Does the government know the importance and implications of capitalizing on those in the Diaspora to clinch its victory? Does a normal or a legitimate Sudanese voter comprehend the impact of his vote? No, probably not. Because only if the government knew the profound impact the 3 million legit voters out of an estimated 5 million Sudanese émigrés that would have on the outcome of referendum, then only will they orchestrate a technique that would involve the Diasporic in the political process that affects their daily lives, be it ephemeral or in the long run, failure to do so is likely to result into a loss of the cause by miscalculation or ignorance -a colossal mistake and a hefty price to pay at this Rubicon. More aggravating is the fact that not much voters understand the corollary of the choices they make in relation to their lives: and even more worse is the fact that no initiative is in place to enlighten voters on how their vision can be realized by voting wisely in the electoral process.

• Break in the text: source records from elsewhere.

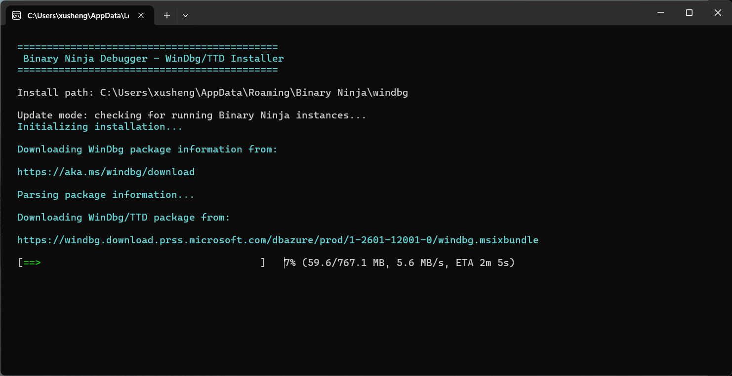%APPDATA%\Binary Ninja\windbg - Progress and status are displayed in real-time
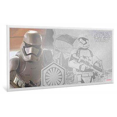 Nach Rey, Finn, Kylo Ren, Leia Organa mit Han Solo, Poe Dameron und BB-8 fehlt noch eine wichtige Figur aus dem Star-Wars-Film „Episode VII – Das Erwachen der Macht“ – wobei Figur es hier nicht ganz trifft, denn die Sturmtruppen sind natürlich viele. Durch ihre identische Rüstung sind sie allerdings meist nicht zu unterscheiden. Der Sturmtruppler beschließt die Silberbanknoten-Serie der New Zealand Mint. Das Sammlerstück ist wie dei Vorgänger-Ausgaben teilweise koloriert und hat eine Auflage von 50.000 Stück.
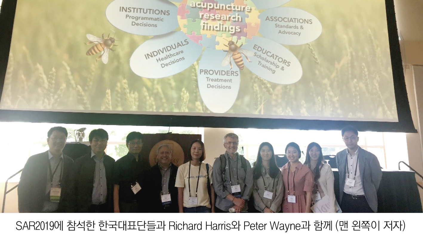 SAR에서는 올해부터 세계 각국에서 참가한 대표단 중에 1명씩 Ambassador를 위촉, 세계 각국의 침 연구, 진료 현황 등의 정보를 교류한다. 개인적으로 영광스럽게 한국대표로 위촉되어 2년간 활동을 하게 되었다. 2007년 볼티모어, 2010년 채플힐, 2014년 베이징, 2015년 보스턴, 2017년 샌프란시스코, 2019년 벌링턴, 이렇게 6번의 SAR학회를 참가하면서, 침 연구에서 한계점으로 생각되어 왔던 것을 풀어 나갈 수 있는 힌트를 얻을 수 있었고, 지나온 10여년 동안 처음에는 낯설고 서툴었던 나의 모습에서 점차 익숙해지고, 친구와 같은 편해지는 느낌을 받는다.
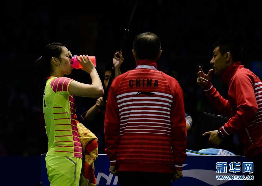 5月21日,中国队选手李雪芮(左)接受教练陈金(右)的指导。她在单打比赛中以2比1战胜韩国队选手成池铉。当日,在江苏昆山举行的2016尤伯杯决赛中,中国队对阵韩国队。 新华社记者季春鹏摄
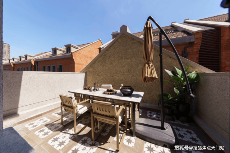 还带专属露台,在增加使用面积的同时更亲近自然,眼前就是花草树木的绿意和四季变换。
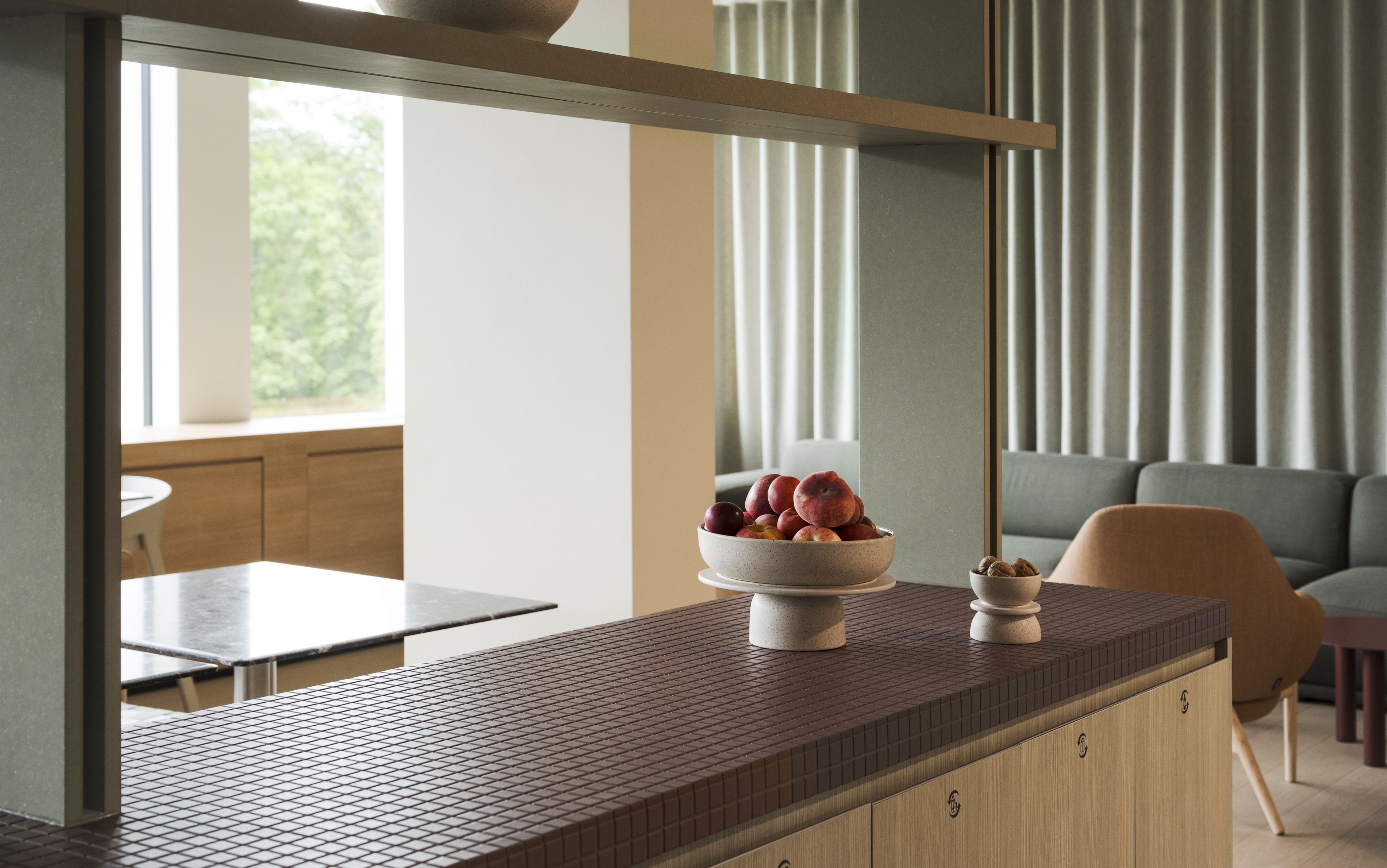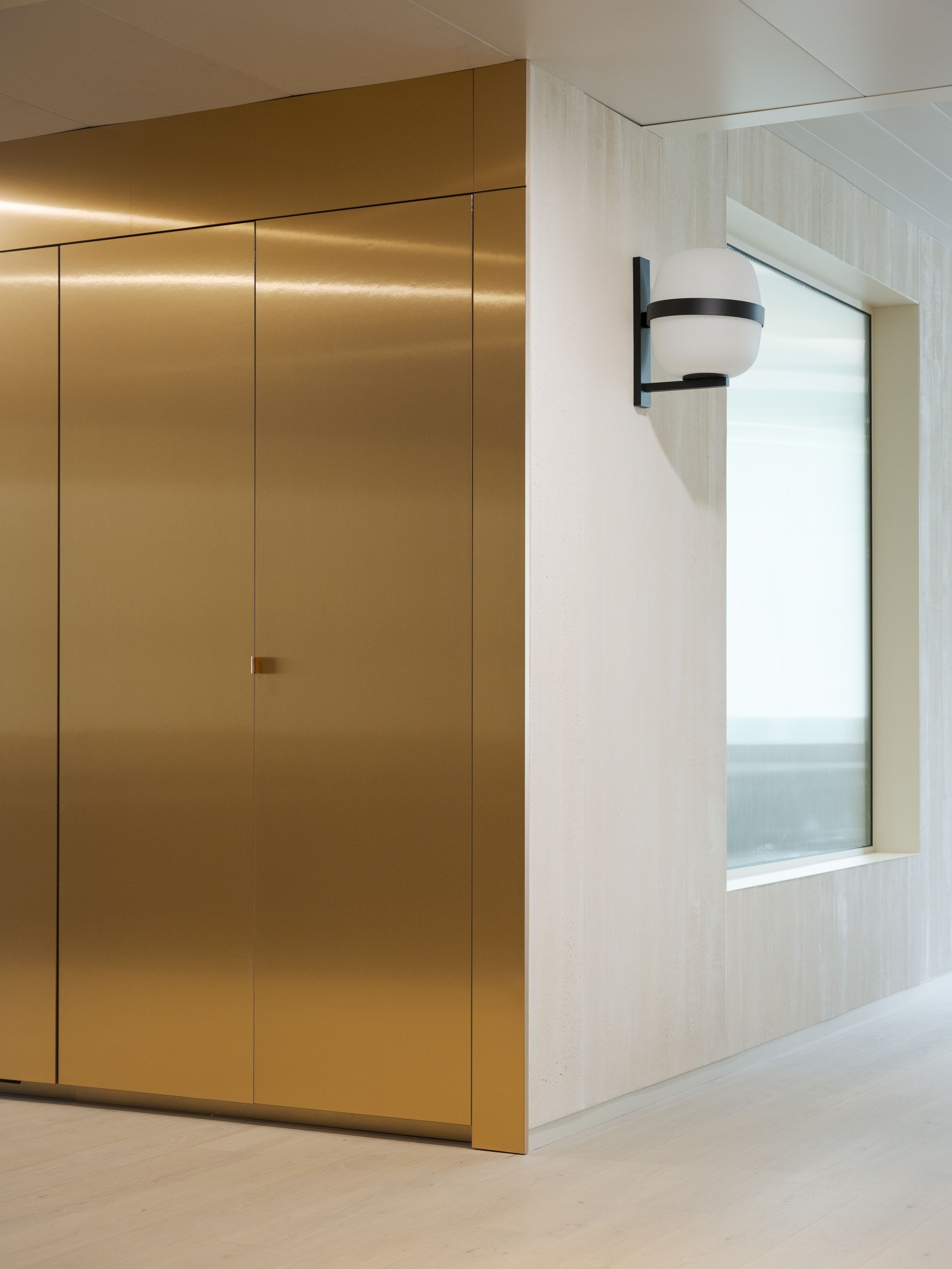 Des volumes simples faits de cuivre brossé, de verre structuré et de couleurs tranchées se rencontrent pour créer une richesse de points de vue et d’espaces à vivre.
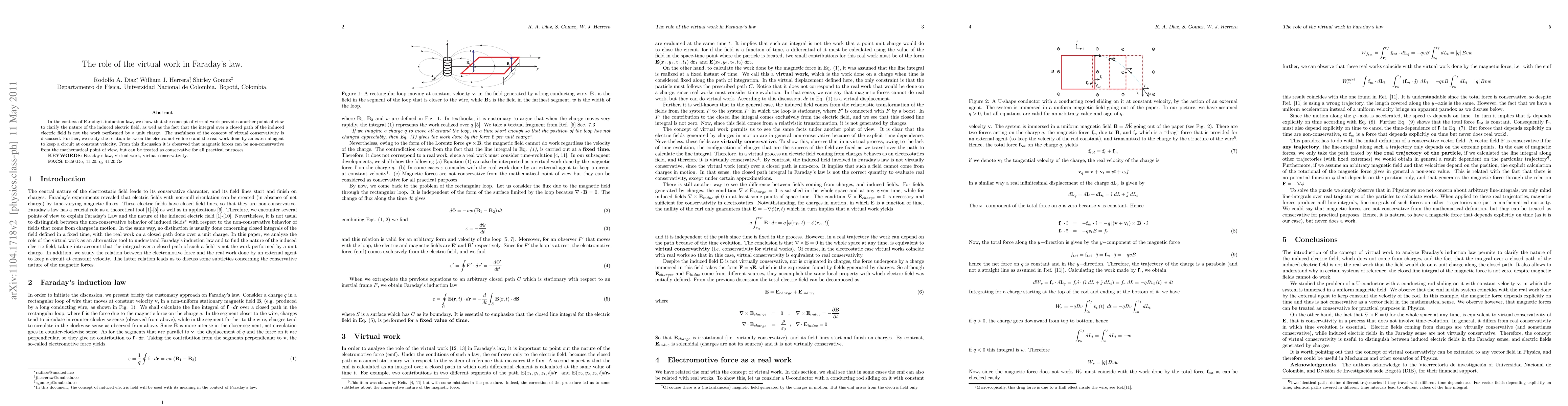 In the context of Faraday's induction law, we show that the concept of virtual work provides another point of view to clarify the nature of the induced electric field, as well as the fact that the integral over a closed path of the induced electric field is not the work performed by a unit charge. The usefulness of the concept of virtual conservativity is discussed. Further, we study the relation between the electromotive force and the real work done by an external agent to keep a circuit at constant velocity. From this discussion it is observed that magnetic forces can be non-conservative from the mathematical point of view, but can be treated as conservative for all practical purposes.
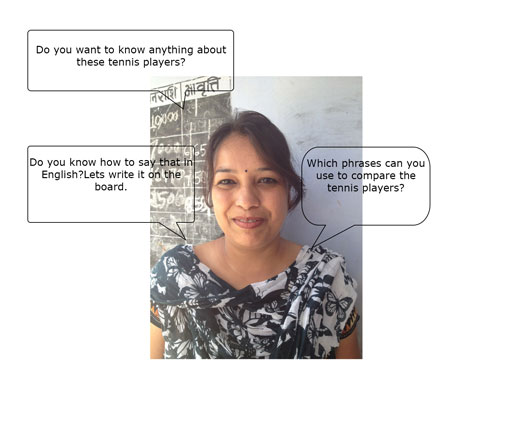 जब छात्र अपने विचारों पर एक दूसरे के साथ, और मेरे साथ चर्चा कर रहे थे उस समय में तब कक्षा रोमांचित है। उन्होंने नए शब्दों को ढूढ़ने के लिए कक्षा के शब्द कोष को भी देखा। जब वे काम कर रहे थे उस समय मैं, यह देखते हुए कि क्या हो रहा था और जरूरत होने पर छात्रों की मदद करते हुए कक्षा में घूम रही थी। मैंने छात्रों को अपनी चर्चाओं में अंग्रेजी का उपयोग करने के लिए भी प्रोत्साहित किया, जिसके लिए मैं स्वयं उनसे यथासंभव अंग्रेजी में बात कर रही थी।
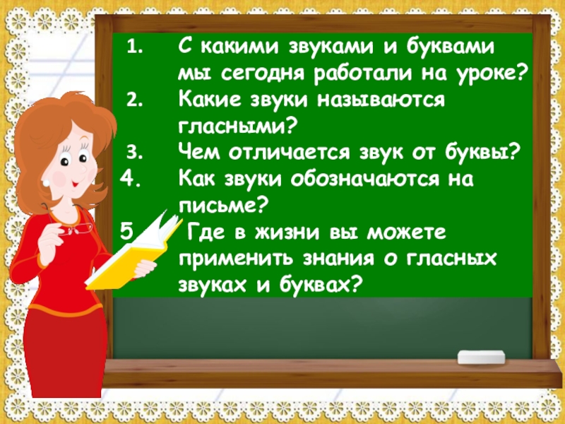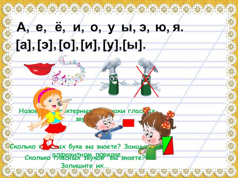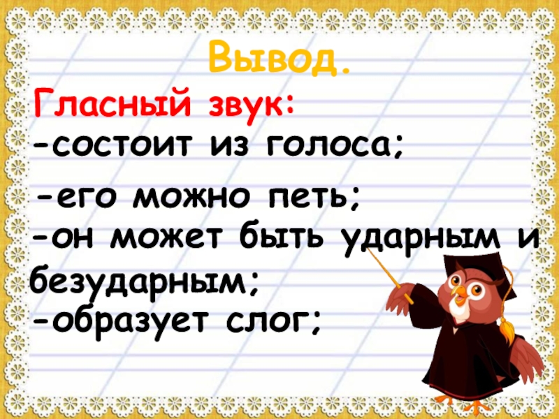 Назовите характерные признаки гласных звуков.
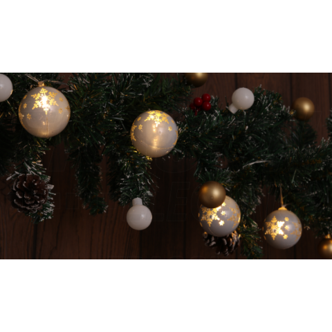 1 kép    TRACON LED karácsonyi lánc, gömb, hópehely, fehér, elemesTimer 6+18h,10LED, 3000K, 2xAA
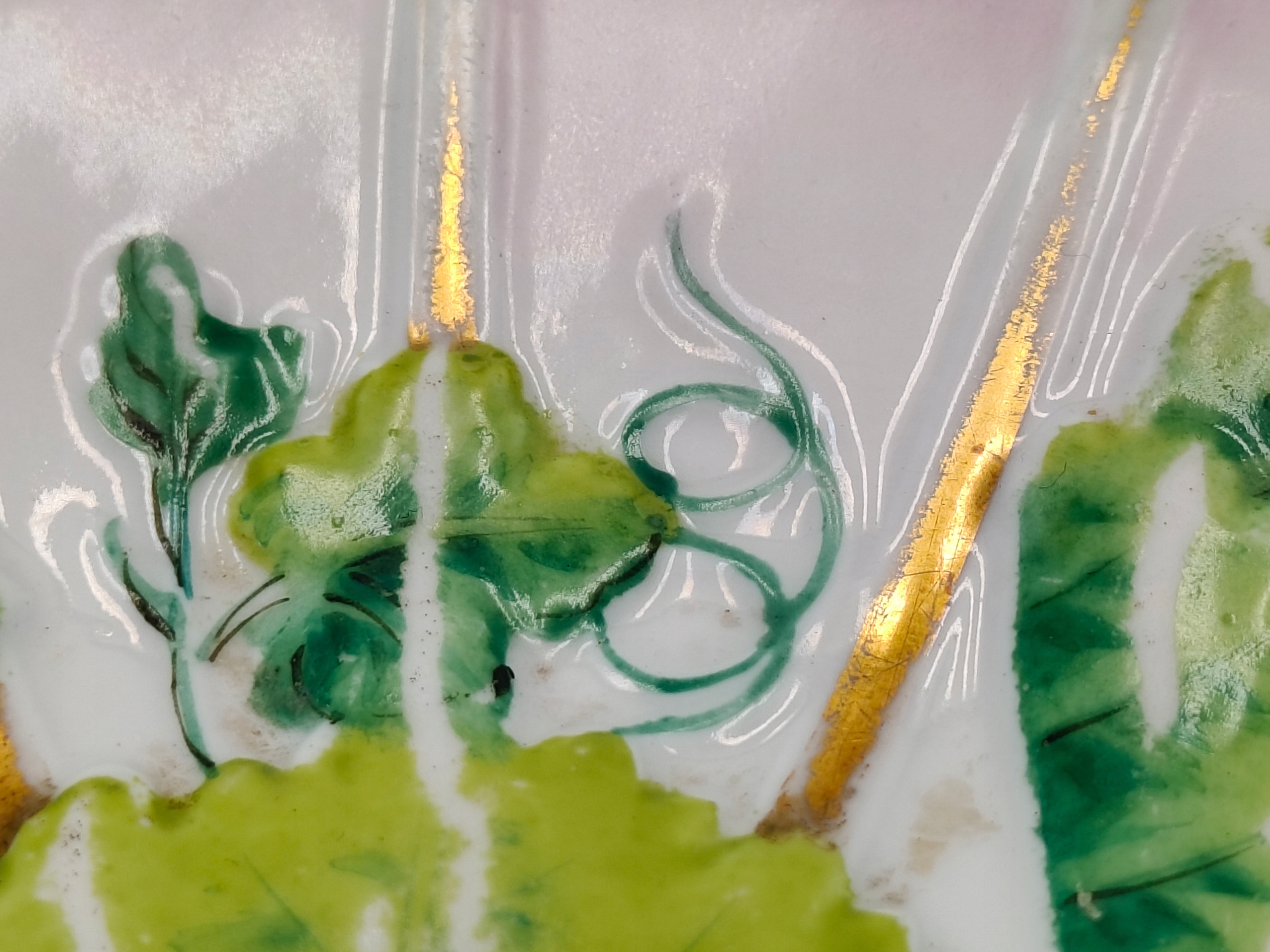 Это уникальный кусок истории, изготовленный из красивого старого фарфора, украшенный розовой живописью с виноградным мотивом. Его уникальное очарование подчеркивается многочисленными ссадинами картин, которые придают ему характер и подлинность.
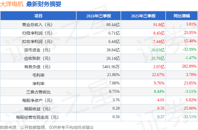 大洋电机(002249)2025年三季报简析:营收净利润同比双双增长,公司应收账款体量较大
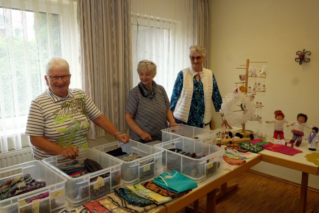 Für die Caritas-Frauen war es wieder sehr komfortabel: Sie konnten ihre feilgebotenen Sachen direkt am Ort des Entstehens im Untergeschoss des Pius Scheel Hauses präsentieren. Das lästige Ein- bzw. Ausräumen entfiel für sie daher. Vor allem Socken und weitere Strickwaren bildeten das Grundsortiment ihres Angebotes.
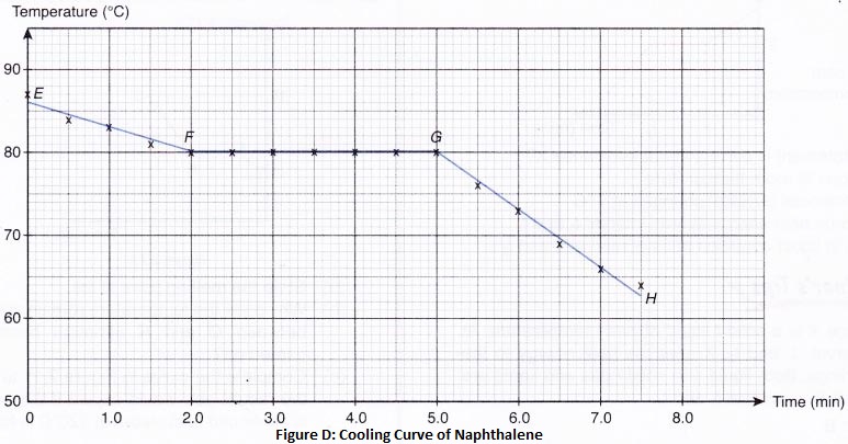 (c) At point F, liquid naphthalene begins to freeze. During the freezing process, the temperature of naphthalene remains constant because the heat loss to the surroundings is exactly balanced by the heat energy liberated as the particles attract one another to form a solid. At this temperature, both solid and liquid are present.

Neglecting this simple yet indispensable initiative will put the southerners in an awkward locus, a position which is difficult if not impossible to exit because for one, the result of a fair election can not be rescinded. Two, if the result of the referendum is contrary to their aspiration, then the only option the southerners will be left with is the long, tedious and tumultuous one of trying to get another referendum bill passed in parliament, a bill which will be impossible to pass due to a northern dominated parliament, and secondly, due to the scorn resistance it will meet from unionist filibusters.

So, if the movement wants to move the south and the state forward they need to get everyone on the same side with a common vision and a clear plan and strategy for the future.